Senegal, Marrocos e os EUA também são pontos deste roteiro nada paradisíaco que mantém intocável (e irrepreensível) o realismo associado às adaptações das obras de Saviano. E retoma ainda a sua crueza e crueldade, com um tom quase sempre angustiante, às vezes claustrofóbico, ampliado pela banda sonora melancólica (e inspirada) dos Mogwai.

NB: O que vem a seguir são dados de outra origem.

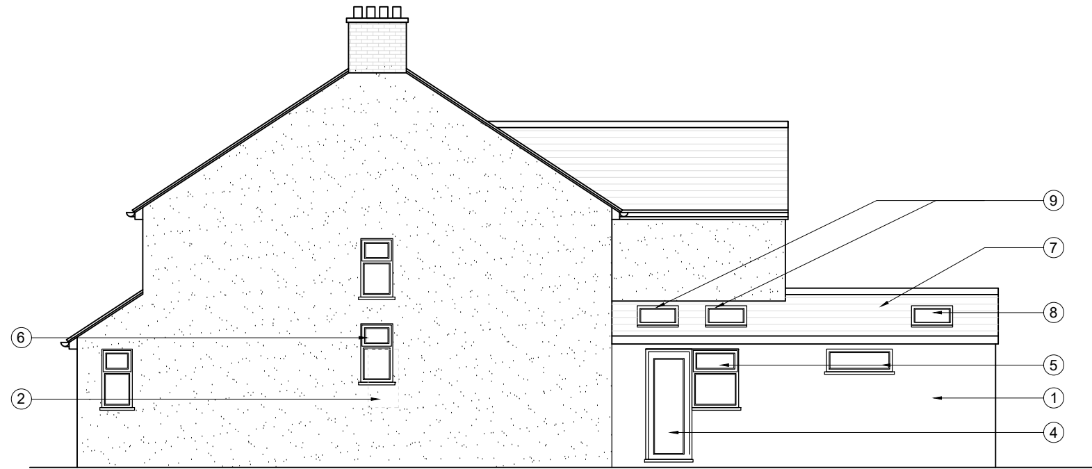
Flank Elevation as Proposed

Mas se em "Gomorra" (a série), o niilismo extremo é acompanhado de personagens bem desenhadas, aqui o seu desenvolvimento não é tão complexo, por muito que a maioria dos actores consiga acrescentar camadas a um argumento mais conseguido no retrato das relações de tráfico internacionais do que na singularidade dos seus agentes. Isso não compromete as óbvias qualidades formais e narrativas (todos os episódios têm uma cena-chave que obriga a um flashback, opção hábil para contar uma história tão ampla e ambiciosa), mas vai demovendo o impacto emocional de uma saga que poderia ter alcançando outros voos.

A fixar, ainda assim: o olhar indecifrável de Harold Torres, na pele de um soldado mexicano que passa para o outro lado do sistema, e Andrea Riseborough, brilhante noutra das figuras mais contraditórias, ao comando do navio no centro da acção (e bem acompanhada por um surpreendente Dane DeHaan).